The Kingdom of Heaven
Ordinary Sunday 17, 30th of July, 2017
Colleen Clayton, Klingner Scholar and Lay minister at St Peter's, Eastern Hill
After I say my morning prayers, I take my dog for a walk along the beach. Our walk starts at seven o'clock. In summer, it is already light by then but the beach is still quiet and it is a wonderful place to listen for God's voice. At this time of year, it is an altogether more rugged experience; it is still dark, it is very cold and often it is raining and windy. However, God's voice is still there to be heard so my part of the deal is showing up.
One of the delights of this habit has been the intimacy I now have with our local beach as its moods change across the year. I have brought a treasure from the beach to show you. It is a paper nautilus shell. Although I grew up on the Peninsula and I have spent lots of time walking on the beach, I have only ever found three of these shells. On each occasion, it has been at this time of year, just after a violent storm. I have stumbled upon each one, partially buried in sand and seaweed and have lifted it up to find, to my disbelief, its shining, delicate perfection. That something so fragile can withstand the force of the stormy sea is miraculous.

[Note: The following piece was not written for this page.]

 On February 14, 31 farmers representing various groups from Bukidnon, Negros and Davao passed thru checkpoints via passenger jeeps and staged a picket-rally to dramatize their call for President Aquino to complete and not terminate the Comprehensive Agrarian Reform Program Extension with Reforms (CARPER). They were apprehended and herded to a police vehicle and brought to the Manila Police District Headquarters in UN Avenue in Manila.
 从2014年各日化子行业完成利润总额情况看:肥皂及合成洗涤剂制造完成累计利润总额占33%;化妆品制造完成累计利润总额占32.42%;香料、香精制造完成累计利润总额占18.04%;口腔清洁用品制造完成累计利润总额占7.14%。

The beauty of a paper nautilus shell and the unanticipated delight of finding one always makes me think of the parables we heard today.
Jesus said that the kingdom of heaven is;
- like a treasure found hidden in a field,
- like a merchant who sells all he has to buy the pearl of great value,
- like a net that was thrown into the sea and caught fish of every kind.
And for me, the kingdom of heaven is like a paper nautilus shell; delicate and strong, fragile and resilient. If we want to find one, we must go to the beach in the coldest, darkest time of year. We must go there and walk, even though we may search for a long time and find nothing. A paper nautilus shell is pure gift. Finding one cannot be predicted or controlled but sometimes, in the turmoil that follows a storm, when rubbish of all kinds is strewn across the sand, you will find one, glowing and beautiful perfect and precious.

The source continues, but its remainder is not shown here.